Here in the Netherlands it is. I assumed it to be the same in the Western world, but those kind of generalizations often turn around to bite me in the ass. We, researcher in the Netherlands, have to produce as funding depends on it. Furthermore, as the government funds less and less, we have to get more funding from industry. And finally we have to try to market our research more. This all means that we can not afford to just do whatever we think is best for the only purpose of extending our knowledge. We have to think about our career and the sustainability of our research (strand) in the long run.

That does not mean that we're just lapdogs for industry or Mammon, but it does mean that we're selective in what we do and how we do it.

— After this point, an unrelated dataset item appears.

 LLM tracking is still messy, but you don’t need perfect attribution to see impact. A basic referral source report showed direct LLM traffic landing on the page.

Some labs are conservative because they are worried that they will not be able to reproduce the same analysis. For example, imagine that a lab had been collecting samples and executing the current code as they came in. Now imagine, two years later, someone starts drawing some conclussions based on an aggregation of the results over a petabyte of that data. On one hand, you could just say- nope, we cant reproduce the same analysis, but we can use all of our computational power for a month and reanalyze all of the data using the current packages/code. On the other hand, a more conservative idea might be to try to record the entire state of the environment when particular samples are recorded, so that in theory you could replay all that analysis- fire up the vm from 2 years ago, install the same version of all the packages, install the code with the same tags, and analysis that data set, then do the same thing for every other data set. Smaller labs I think are just hoping that no one tries to replicate their studies or asks them if they can reproduce their results.

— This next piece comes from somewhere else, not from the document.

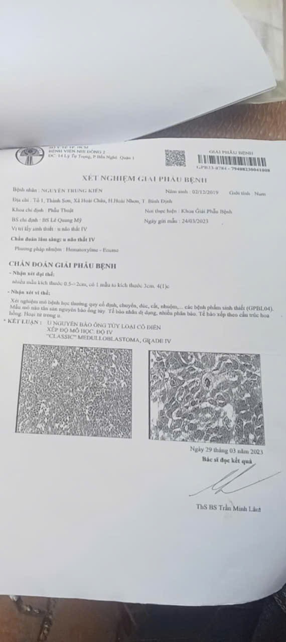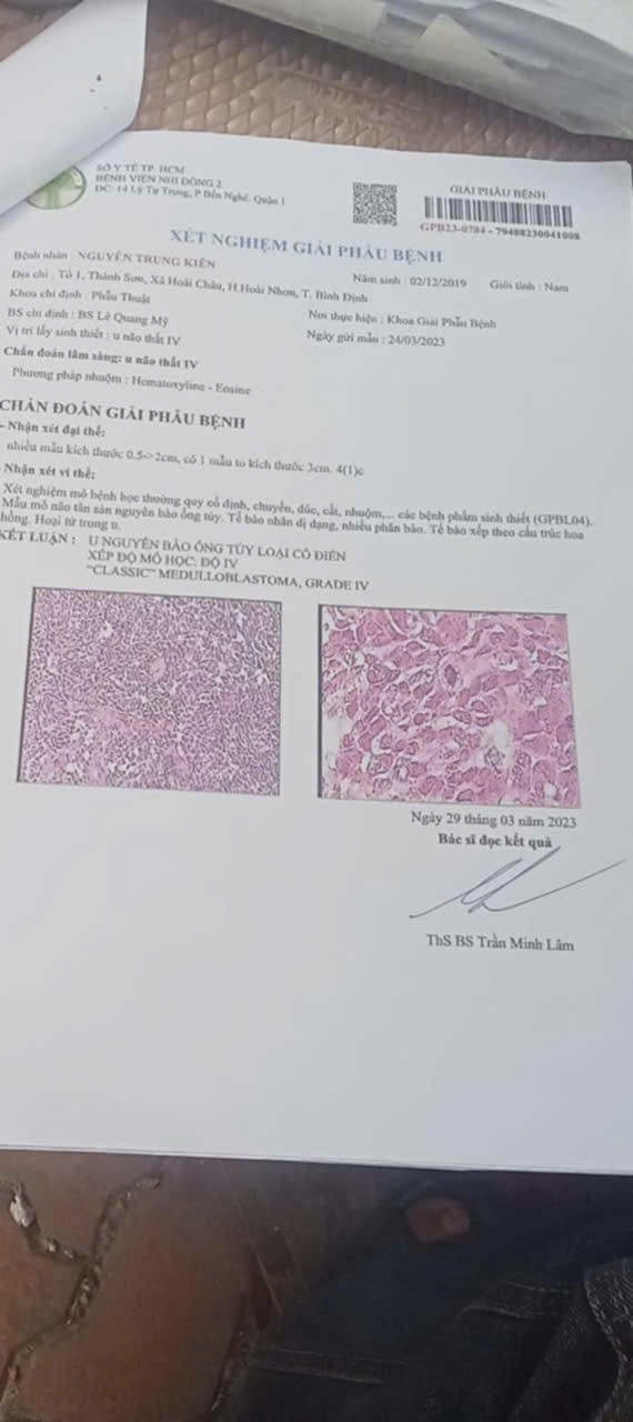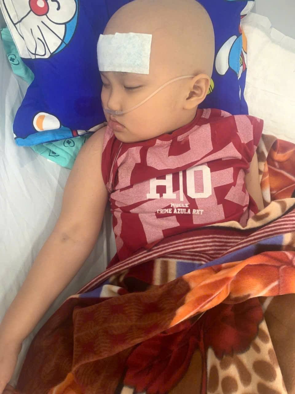Cháu bị phát hiện U ác não thất vào năm 2023. Lúc đó cháu 4 tuổi gia đình đưa vào điều trị và mổ 1 lần tại BV Nhi đồng 2 (Lý Thái Tổ). Sau mổ cháu được chuyển qua BV Ung Bướu xạ trị vừa hết liệu trình vào khoảng 7 tháng trước, tình trạng lúc đấy của cháu cũng tạm thời ổn định, cái khối u lặn đi nhiều. Từ 1 em bé lanh lợi kháu khỉnh cháu trở thành đứa bé xanh xao, đầu rụng hết tóc do xạ trị, cháu không thể đi lại được nữa, chỉ có thể lếch dưới nền nhà, sau xạ trị sức khỏe cháu xuống đi nhiều nhưng cũng tạm ổn định, cháu không nói được chỉ kêu ú ớ và tiếng:  ba mẹ, ăn, uống....

I dont think the problem is people (researchers, developers) but of the infrastructure for research. Researchers are constantly thinking about getting new grants and renewing old ones the way politicians are constantly worried about their corporate sponsors and getting reelected. The result is that we only get a little science and we only get a little good governance. The internal organizations that form as a result of this environment are artificial. In the lean times researchers make short term decisions aimed at generating marketing and taking mindshare. In the fat times researchers ensure that all computational and lab space are used and come up with new reasons for growth. A friend working in a large research institution once suggested a refactoring that would greatly improve efficiency of an application. Instead, she was handed back down a recommendation that would make the application less efficient with the same functionality. The reason was that the computational usage was about to be audited and the rule was that there would be no improvements in efficiency until after it was complete. The system is an old house with hundred year old plumbing. The people you pour through the system are going to flow through the pipes abiding by the laws of physics. Blaming them for a leak is about as useful as blaming water: while you may win the moral argument, you will not solve the problem. The best you can do is replace them with new people who will react largely in the same manner.